B. Current and Former Clients of the Firm That Are Creditors of Debtors; Representation in These Chapter 11 Cases
9. The Firm also currently represents creditors and affiliates of creditors of Debtors as
reflected on Schedule 2. Furthermore, the Firm previously represented, but does not currently
represent other creditors or affiliates of creditors of Debtors as reflected on Schedule 2. Such
representation will not impact Quinn Emanuel’s ability to fulfill its obligations as counsel to
Debtors as allowed by 11 U.S.C. § 327(a).

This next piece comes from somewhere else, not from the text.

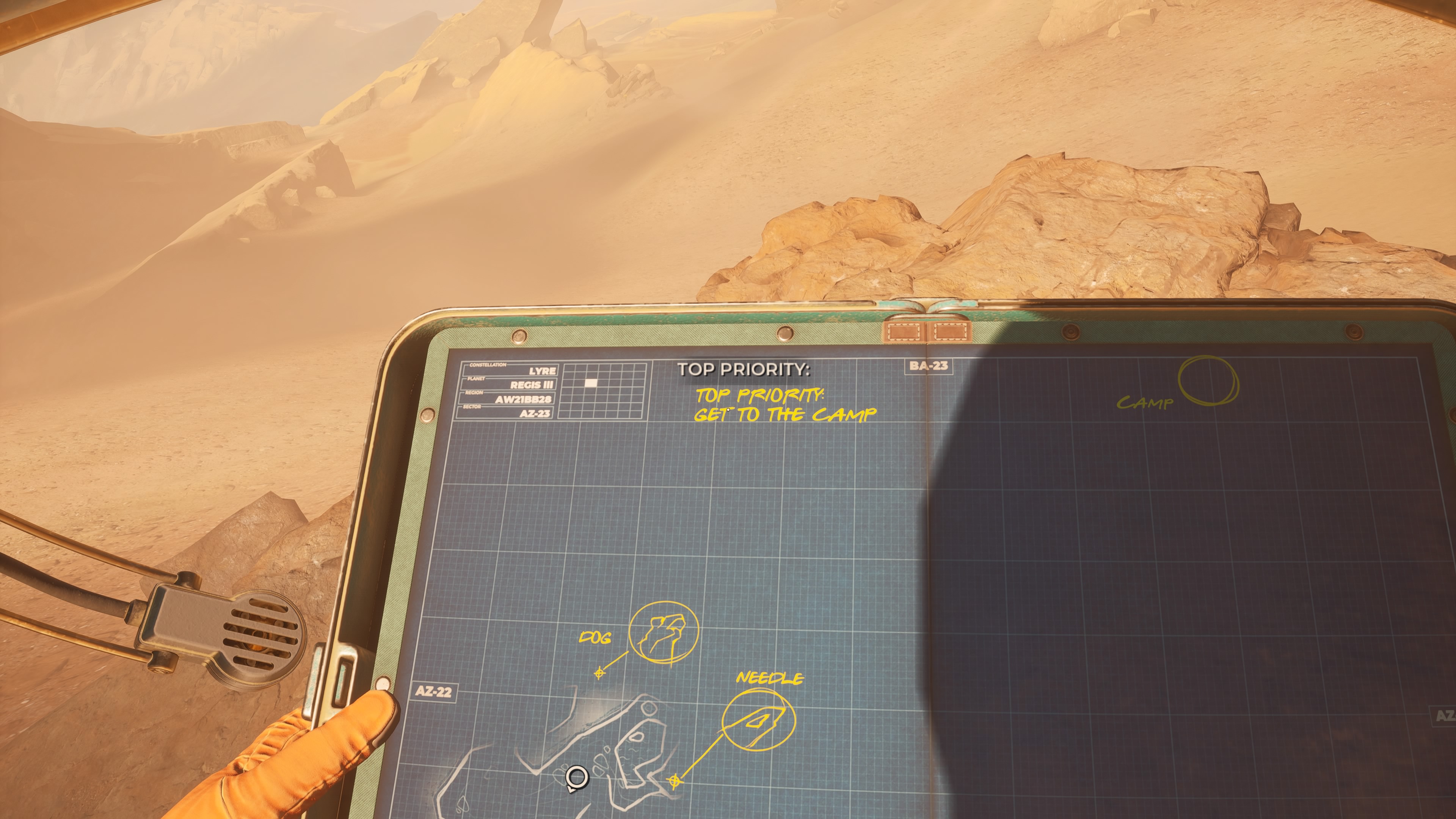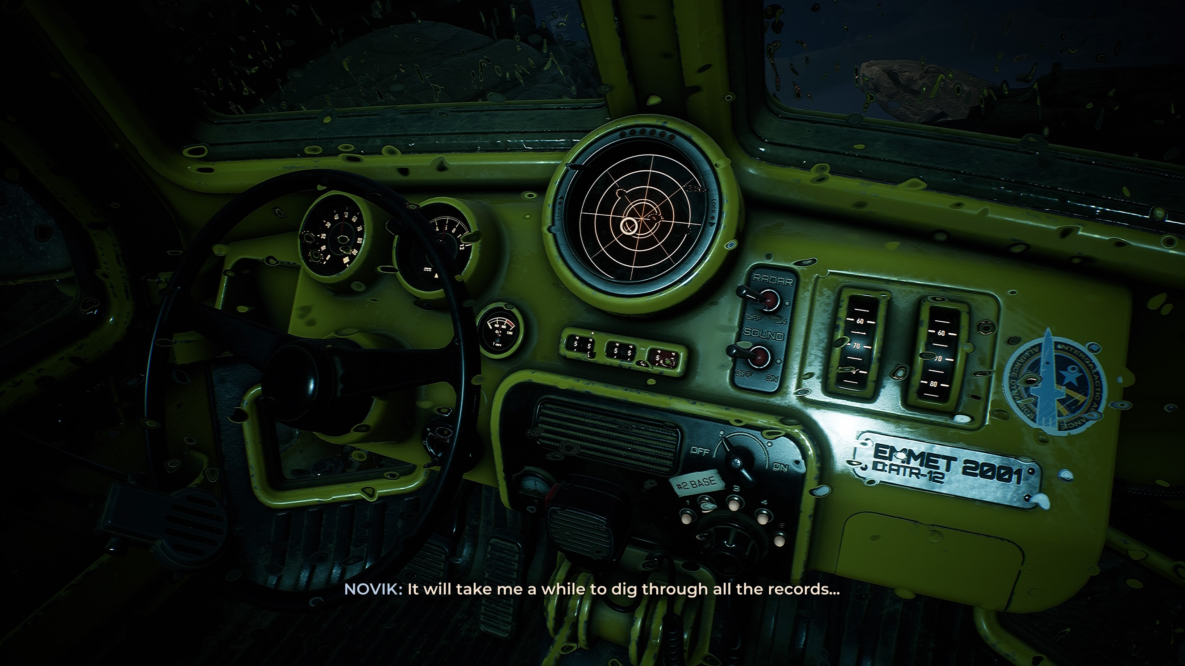 Need to navigate? Yasna will open up her log, turning the pages to represent different sectors on the map grid. Need to find landmarks to pinpoint a landing zone for the mother ship’s evacuation capsule? Yasna’s telescope has separate “dials” for distance and zoom. Notes and waymarkers appear marked in bright yellow pencil on the map. All of this is couched in a sublimely appealing retro-futuristic visual style inspired by the Cold War-era space race art and concepts from the Soviet side of the divide. There’s a chunky, weighty physicality to every object and animation that matches or exceeds even the likes of triple-A behemoths like Cyberpunk 2077 in making a player feel like they’re inhabiting the viewpoint character. If you’re like me and love to look at vintage appliances or appreciate consoles covered in old LEDs and switches, knobs, and dials, The Invincible‘s chunky, grounded aesthetic sense is as intoxicating as catnip.

10. None of the preceding current clients individually represents more than 1% of the
Firm’s annual revenues. Because there is often a lag time between when work for a client ceases
and the actual closing of a matter on the conflicts system, as used herein, the term “former client”
refers to clients for whom the last activity at the Firm was more than 12 months prior to the date
hereof.
C. Quinn Emanuel’s Payment History with the Debtor
11. On April 24, 2020, Quinn Emanuel received a retainer in the amount of
$800,000.00 from Grupo Cinemex, S.A. de C.V., the majority shareholder of Debtor Cinemex
Holdings USA, Inc. for services rendered in connection with pending litigation in the Southern
District of Texas as well as preparation for a chapter 11 filing of certain entities. On that same
day, Quinn Emanuel drew down $741,567.03 for the prepetition legal fees incurred. On April 27,
2020, Quinn Emanuel forwarded $50,000.00 to Bast Amron LLP as a retainer for prospective legal
work as co-counsel for the Debtors in connection with these cases. Quinn Emanuel currently holds
a retainer in the amount of $8,432.97 as of the Petition Date.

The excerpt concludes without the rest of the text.